Danone Investing €280 Million at Evian Production Site
Danone has opened a state-of-the-art production facility at Evian-les-Bains in the French Alps to support the future growth of evian, the international water brand that is sold in more than 140 countries. After six years of construction and transformation, the new look site combines greater operational efficiency, new technology and the highest quality processes with a particular focus on safety. The site is also carbon neutral, marking a milestone in evian’s commitment to achieve global carbon neutral status by 2020. Indeed, it is the first Danone production facility and largest food production site in France to achieve carbon neutral status.
Emmanuel Faber, chief executive of Danone, comments: “Today we are in the midst of a genuine Alimentation Revolution. Brand relevance, integrity, and transparency are increasingly important factors shaping our consumers’ choices. At Danone, we have committed ourselves fully to this revolution, aware that in some cases our decision will put us ahead of the curve. Which is why we announced in 2015 that evian would be the first international Danone brand to become carbon neutral by 2020.”
He adds: “Faithful to its pioneering spirit and working closely with all local stakeholders in its natural water cycle upstream, its labour pool, and its logistics network downstream, evian® has transformed its bottling site, now certified as carbon neutral by the Carbon Trust.”

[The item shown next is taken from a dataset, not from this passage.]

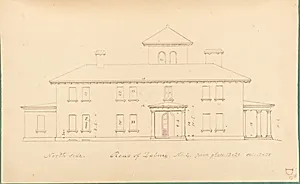 Step into the elegant world of 19th-century American architecture with Jackson Davis's *House of R. Dabney, Powhatan, Virginia ( [rear] side)*, created in 1858. This delicate ink and wash drawing captures the rear facade of a Virginia plantation house, rendered on a modest sheet measuring 9 1/8 x 13 5/8 inches., a pioneering architect and draftsman, often sketched such residences to document and idealize the built environment of the antebellum South. A master of the Greek Revival and Gothic Revival movements, Davis infused his works with romantic precision, blending classical symmetry with pi...

To modernise the bottling site, evian will invest €280 million between 2011 and 2020 in a facility producing all evian bottles sold worldwide. Evian’s commitment to reducing its carbon footprint has led to a number of positive initiatives at the bottling site. Between 2008 and 2016, the brand reduced its total industrial energy consumption by 23% per litre of evian while increasing the volume of bottles produced to meet rising consumer demand. Today, the bottling site is 100% powered by renewable energy. This is part of a worldwide carbon reduction plan which is helping achieve evian’s global ambition to be carbon neutral by 2020.
As part of that same journey, evian aims to use 100% recycled materials in its packaging, and is on an ambitious journey to achieve this. By the end of 2017, evian will use an average of 25% of rPET (recycled plastic), three years ahead of the schedule set out at COP21 (the UN conference on climate change held in Paris in 2015) with the objective to reach 50% for some formats by 2020.
Evian is also expanding its use of more eco-friendly multimodal transportation, with a particular focus on rail freight, with a carbon footprint one-tenth that of road transport. Currently 60% of evian bottles are shipped by train from a station at the bottling site – one of the largest private railway stations in France – and that figure is expected to rise in the coming years.